He over there and she here, in darkness; both of them waiting for

something to happen; and the invisible drumsticks beating the tattoo of

fear. If he were in her thoughts might not she be a little in his?

She stood up. She would do it. Convention in a moment like this was

nonsense. Hadn't he kept his side of the line scrupulously?
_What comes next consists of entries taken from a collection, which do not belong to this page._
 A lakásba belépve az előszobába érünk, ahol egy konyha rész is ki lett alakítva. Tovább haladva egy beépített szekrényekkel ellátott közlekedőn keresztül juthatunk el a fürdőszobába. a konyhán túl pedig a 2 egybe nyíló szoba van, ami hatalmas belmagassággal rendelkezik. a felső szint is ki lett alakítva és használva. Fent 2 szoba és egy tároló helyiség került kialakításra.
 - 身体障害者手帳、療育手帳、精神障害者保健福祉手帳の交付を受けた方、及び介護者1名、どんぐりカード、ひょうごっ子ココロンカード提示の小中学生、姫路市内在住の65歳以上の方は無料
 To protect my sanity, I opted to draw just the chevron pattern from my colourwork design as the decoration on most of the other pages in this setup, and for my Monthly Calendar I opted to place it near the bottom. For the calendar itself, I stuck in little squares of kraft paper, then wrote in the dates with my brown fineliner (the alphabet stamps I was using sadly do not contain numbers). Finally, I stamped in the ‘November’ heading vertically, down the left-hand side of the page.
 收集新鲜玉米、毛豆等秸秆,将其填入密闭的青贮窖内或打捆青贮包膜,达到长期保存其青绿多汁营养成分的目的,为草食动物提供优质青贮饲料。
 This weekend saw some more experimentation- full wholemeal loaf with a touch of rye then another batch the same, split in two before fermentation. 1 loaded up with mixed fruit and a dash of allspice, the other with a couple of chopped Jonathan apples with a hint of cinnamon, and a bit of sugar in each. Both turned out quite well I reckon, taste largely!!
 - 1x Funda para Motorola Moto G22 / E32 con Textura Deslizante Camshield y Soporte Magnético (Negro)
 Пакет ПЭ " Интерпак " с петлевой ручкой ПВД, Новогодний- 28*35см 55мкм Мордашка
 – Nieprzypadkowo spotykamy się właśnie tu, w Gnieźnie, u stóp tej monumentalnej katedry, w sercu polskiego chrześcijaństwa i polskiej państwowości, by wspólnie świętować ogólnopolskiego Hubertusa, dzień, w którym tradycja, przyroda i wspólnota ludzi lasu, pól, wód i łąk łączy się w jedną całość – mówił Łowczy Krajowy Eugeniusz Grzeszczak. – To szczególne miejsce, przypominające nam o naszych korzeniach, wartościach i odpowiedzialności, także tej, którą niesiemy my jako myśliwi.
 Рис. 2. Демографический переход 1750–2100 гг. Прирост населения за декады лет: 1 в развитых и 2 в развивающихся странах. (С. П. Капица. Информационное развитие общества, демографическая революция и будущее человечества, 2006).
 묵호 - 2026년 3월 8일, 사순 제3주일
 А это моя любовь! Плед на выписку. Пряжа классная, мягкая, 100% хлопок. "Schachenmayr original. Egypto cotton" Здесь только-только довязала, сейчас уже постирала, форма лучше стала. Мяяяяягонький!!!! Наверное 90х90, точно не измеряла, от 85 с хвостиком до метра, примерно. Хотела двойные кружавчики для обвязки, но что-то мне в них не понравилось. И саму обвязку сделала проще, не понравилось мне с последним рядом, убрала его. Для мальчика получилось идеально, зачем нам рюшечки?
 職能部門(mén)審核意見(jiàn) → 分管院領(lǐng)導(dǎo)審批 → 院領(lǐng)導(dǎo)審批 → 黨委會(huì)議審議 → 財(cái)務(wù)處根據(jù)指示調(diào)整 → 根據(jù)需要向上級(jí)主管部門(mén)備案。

Nonchalance. It occurred to her for the first time that there must be

good material in a man who could come through in a contest with death,

nonchalant. She would fetch him and have him here to meet Cutty, this

rather forlorn Johnny Two-Hawks, with his unshaven face, his black eye,

and his nonchalance. She would fetch him at once. It would save a good

deal of time.

There were but ten apartments in the building, two on a floor. The

living room formed an L. Kitty's buttressed Gregor's. The elevator shaft

was inside, facing the court; and the stair head was on the Gregor side

of the elevator. The two entrances faced each other across the landing.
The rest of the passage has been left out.